• What is being asked: Find the line containing "Kapitalın sabit qalması" in the listing below; reproduce it and every line after, exactly. Skip pictures.

*** Data ***

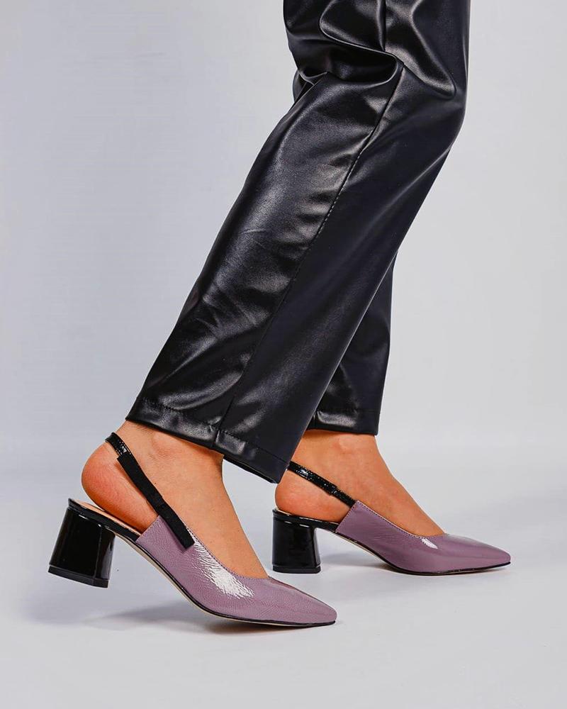 Pointed-toe Color Block Lacquered Leather High Heels, Purple
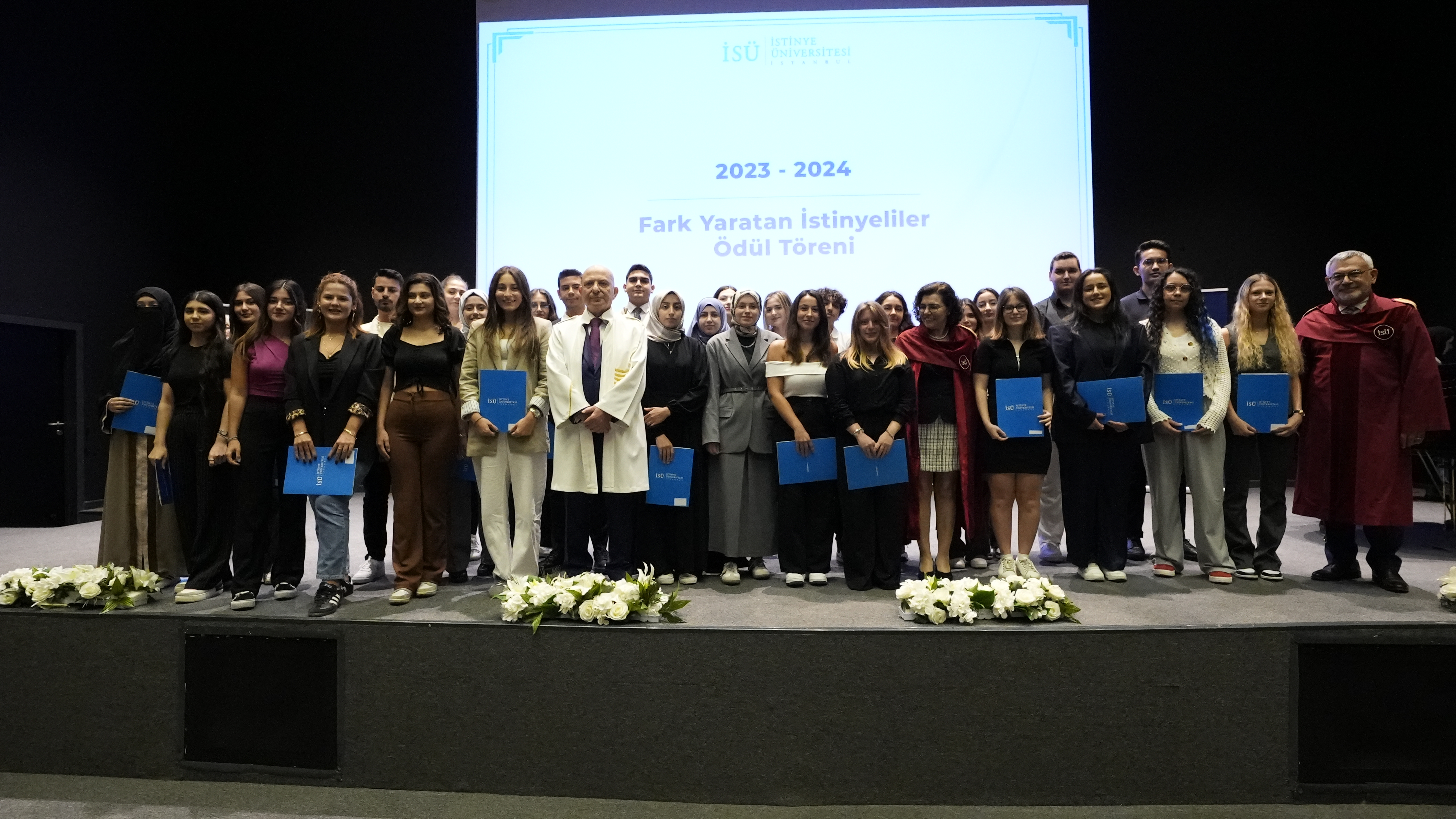 sahnede, sahada, bahçede, sanal dünyada, akademik ve idari üyeleri ile öğrencilerinin birlikte çalıştığı, birbirini desteklediği ve beraber harika işler başardığı yer olmayı hedefliyor. Yaşama dokunan olağanüstü işler başarmak isteyenlerin adresi olma amacıyla çalışmalarını sürdüren İstinye Üniversitesi, bu amaca katkı sunanları “Fark Yaratan İstinyeliler” projesi kapsamında ödüllendiriyor. 2024-2025 akademik yılı açılış programı, “2023-2024 Akademik Yılı Fark Yaratan İstinyeliler Ödül Töreni” ile fark yaratan İstinyelilere ödüllerinin takdim edilmesinin ardından sona erdi.
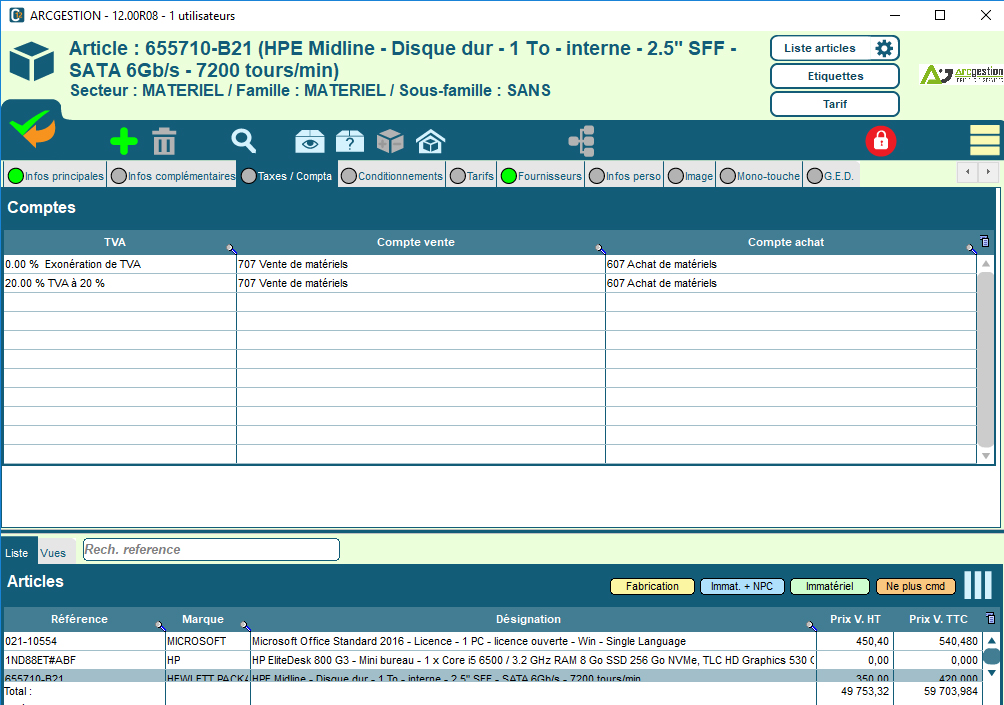 3- Dans une fiche Article, l’onglet « Taxes/Compta » est l’emplacement pour spécifier un compte comptable de vente ou d’achat par taux de TVA. Ces comptes sont appliqués prioritairement.
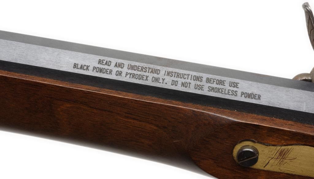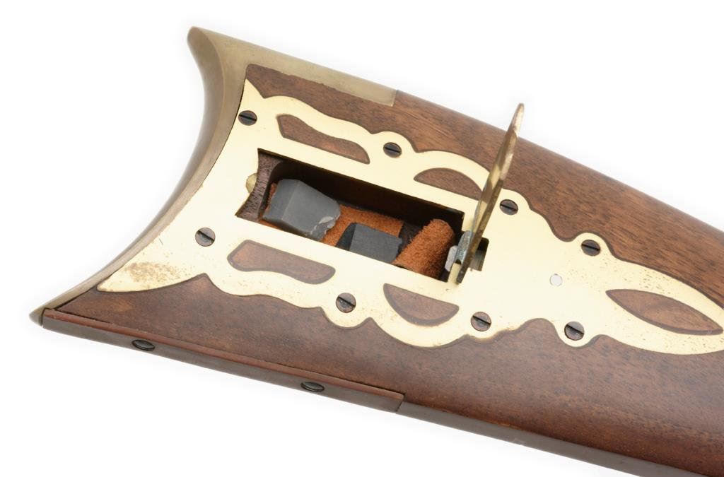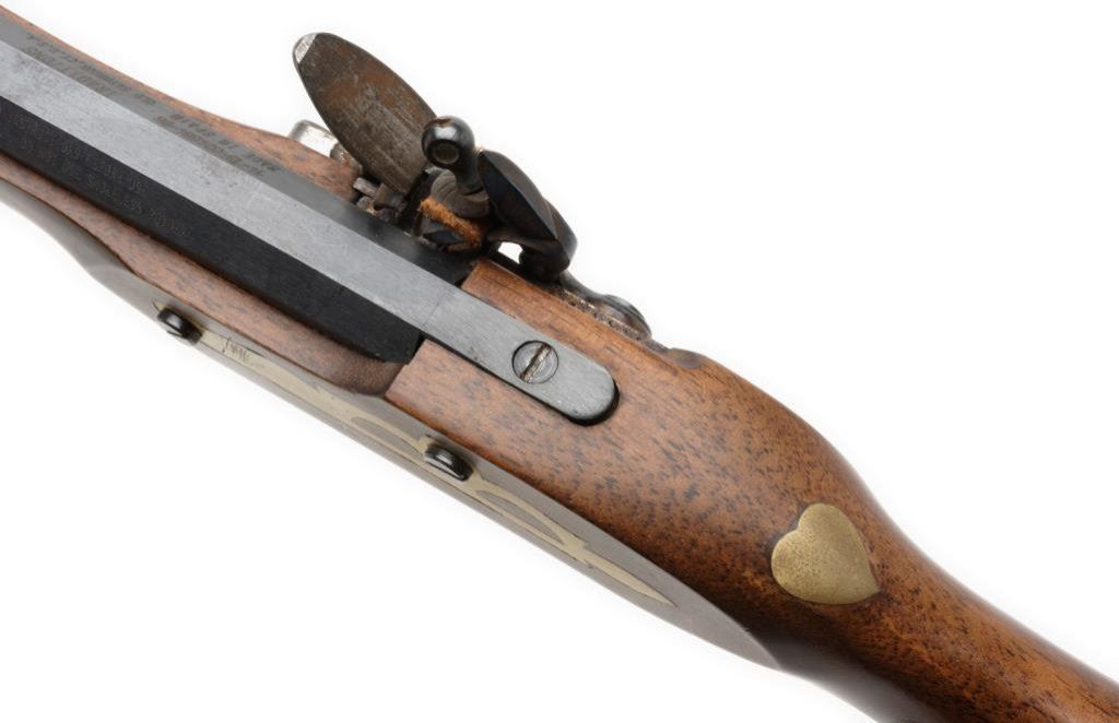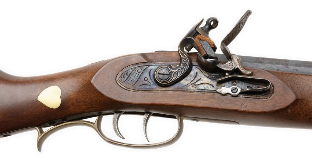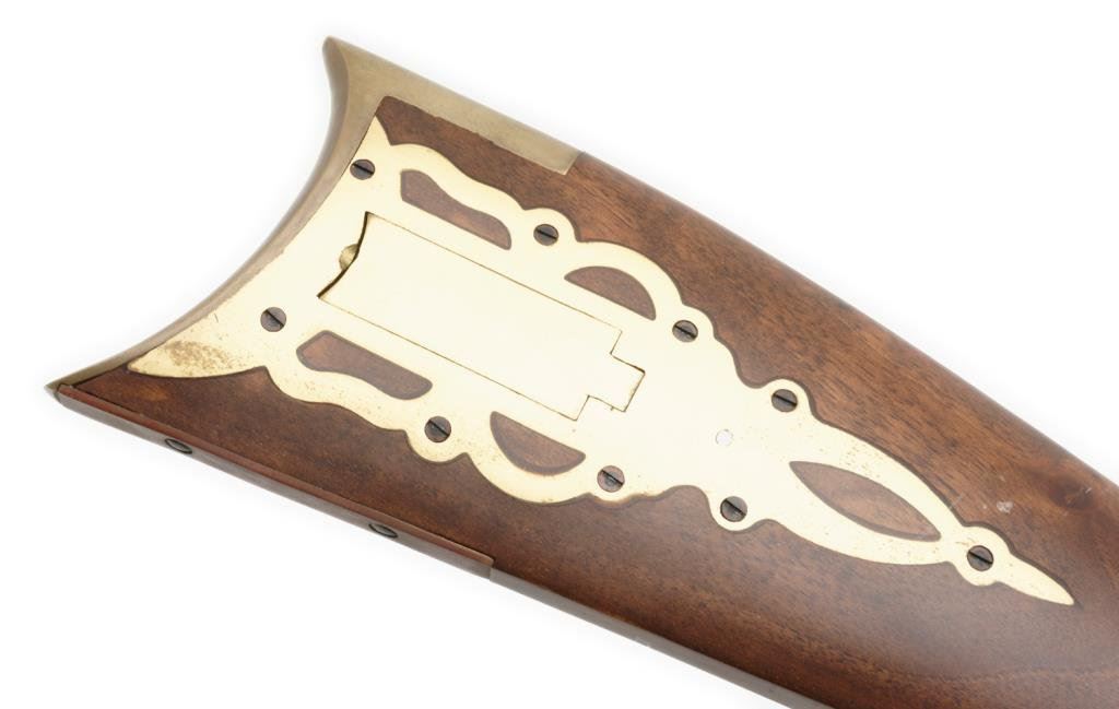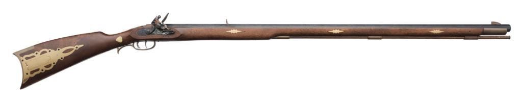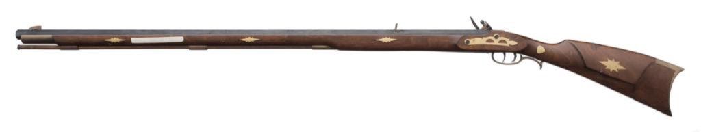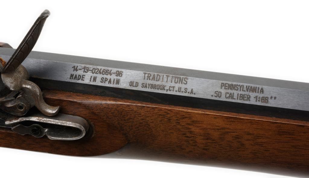 Spanish-made copy of a flintlock full stock rife”Traditions” model, .50 caliber, 40” barrel, blue and case hardened; overall very good to fine condition. Est.: $100-$200.
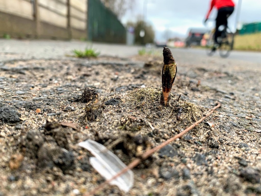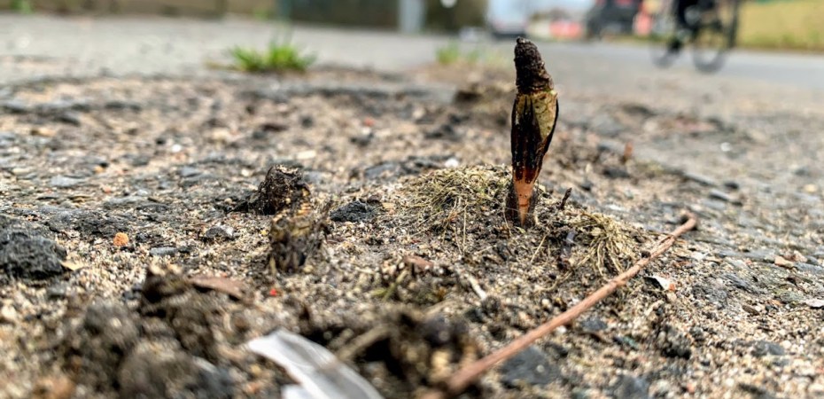 Deze ochtend, op mijn wandeling ik heb een plantje gezien. Het heet “Mare’s Tail” en kom uit prehistorische tijden dus is het erg sterk. Het kan door de harde grond komen! Ik heb mijn vriend vertelled over deze plantje dus ik moest een foto. Dus er was ik op de grond!
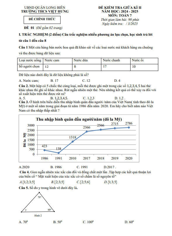 Đề Thi Giữa HK2 Toán 7 Đề giữa kì 2 Toán 7 năm 2024 – 2025 trường THCS Việt Hưng – Hà Nội
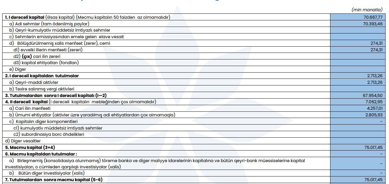 Kapitalın sabit qalması Bankın artan aktivlər fonunda kapital adekvatlığını qorumağa çalışdığını göstərir. Lakin aktivlərin sürətli artımı gələcək dövrlərdə kapitalın gücləndirilməsi ehtiyacını yarada bilər.
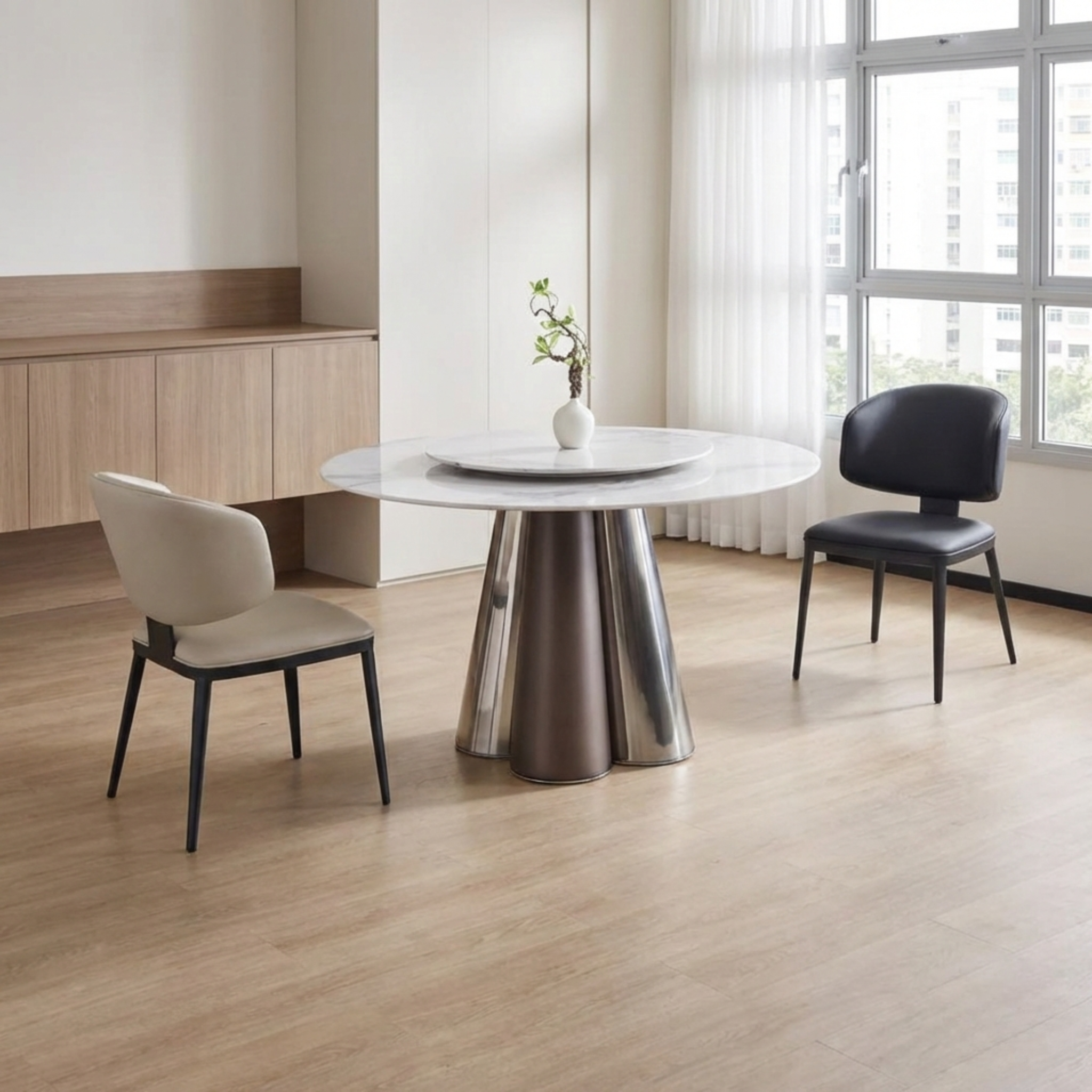 The contrast between the luxurious, cool marble and the dramatic base materials ensures the table serves as a definitive statement piece in any dining room.
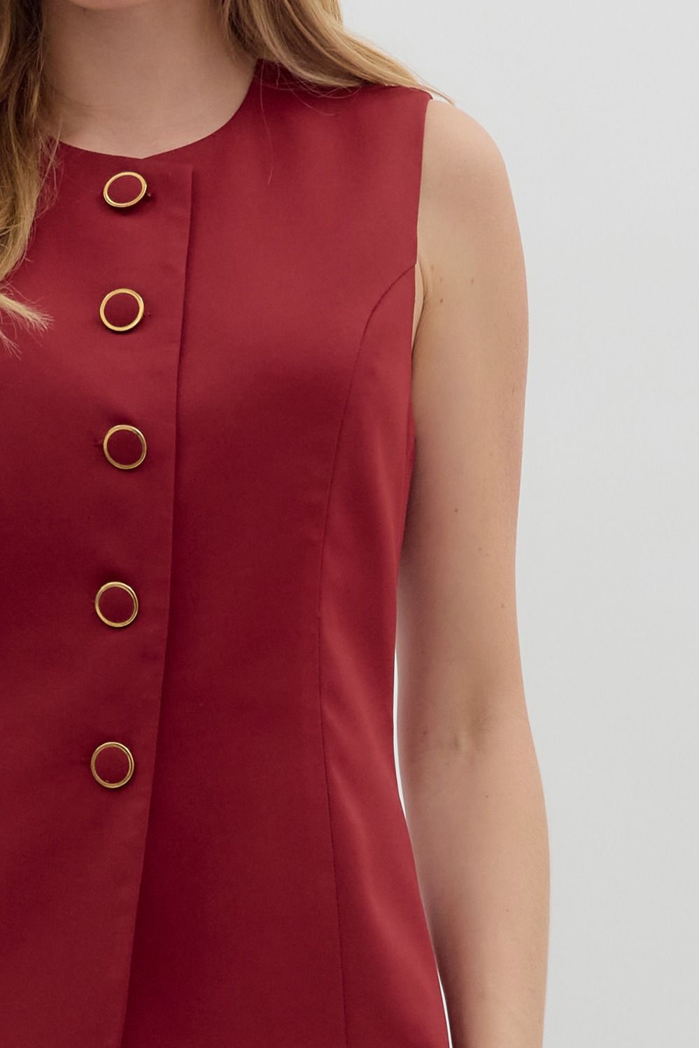 Solid sleeveless round neck playsuit featuring gold rim accent button closure and concealed side zipper. Lined.
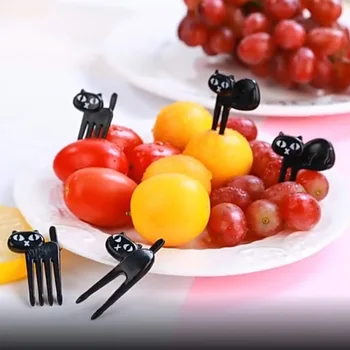 Zastawa stołowa czarny kot widelec do owoców wybiera Mini kreskówkowe ciasto deser żywności zwierząt widelce 6/12/18 sztuk/paczka Bento Lunch wykałaczka Party
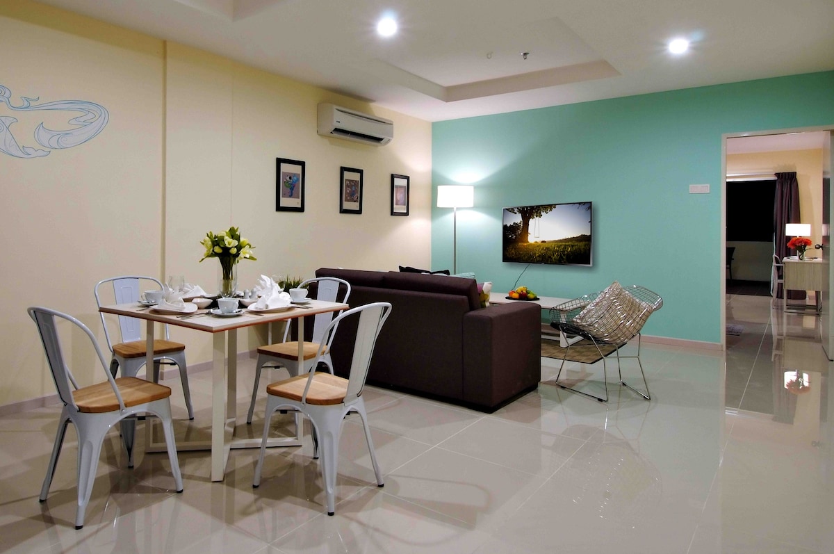 Það er staðsett á manngerðri eyju gegnt Pangkor-eyju. Nútímaleg hönnun á einu svefnherbergi, einni stofu, einu baðherbergi, svölum og eldhúsi. Íbúð sem snýr að sjó og fjalli. Aðeins 10 mínútur með ferju til Pangkor-eyju, 10 mínútna akstur til Teluk Batik, 15 mínútna akstur í miðbæinn. Hentar vel fyrir fjölskyldu og vini sem eyða fríi í þessu fallega afdrepi.
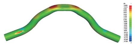 图14 所示为修改压弯模具型面后,零件最终的减薄云图,由图14 可以看出零件的最大减薄率是13.9%,符合技术要求中的减薄率要求,零件表面没有明显的起皱和破裂,此工艺方案可行。

*** End of Data ***

• Solution:
 Kapitalın sabit qalması Bankın artan aktivlər fonunda kapital adekvatlığını qorumağa çalışdığını göstərir. Lakin aktivlərin sürətli artımı gələcək dövrlərdə kapitalın gücləndirilməsi ehtiyacını yarada bilər.
 The contrast between the luxurious, cool marble and the dramatic base materials ensures the table serves as a definitive statement piece in any dining room.
 Solid sleeveless round neck playsuit featuring gold rim accent button closure and concealed side zipper. Lined.
 Zastawa stołowa czarny kot widelec do owoców wybiera Mini kreskówkowe ciasto deser żywności zwierząt widelce 6/12/18 sztuk/paczka Bento Lunch wykałaczka Party
 Það er staðsett á manngerðri eyju gegnt Pangkor-eyju. Nútímaleg hönnun á einu svefnherbergi, einni stofu, einu baðherbergi, svölum og eldhúsi. Íbúð sem snýr að sjó og fjalli. Aðeins 10 mínútur með ferju til Pangkor-eyju, 10 mínútna akstur til Teluk Batik, 15 mínútna akstur í miðbæinn. Hentar vel fyrir fjölskyldu og vini sem eyða fríi í þessu fallega afdrepi.
 图14 所示为修改压弯模具型面后,零件最终的减薄云图,由图14 可以看出零件的最大减薄率是13.9%,符合技术要求中的减薄率要求,零件表面没有明显的起皱和破裂,此工艺方案可行。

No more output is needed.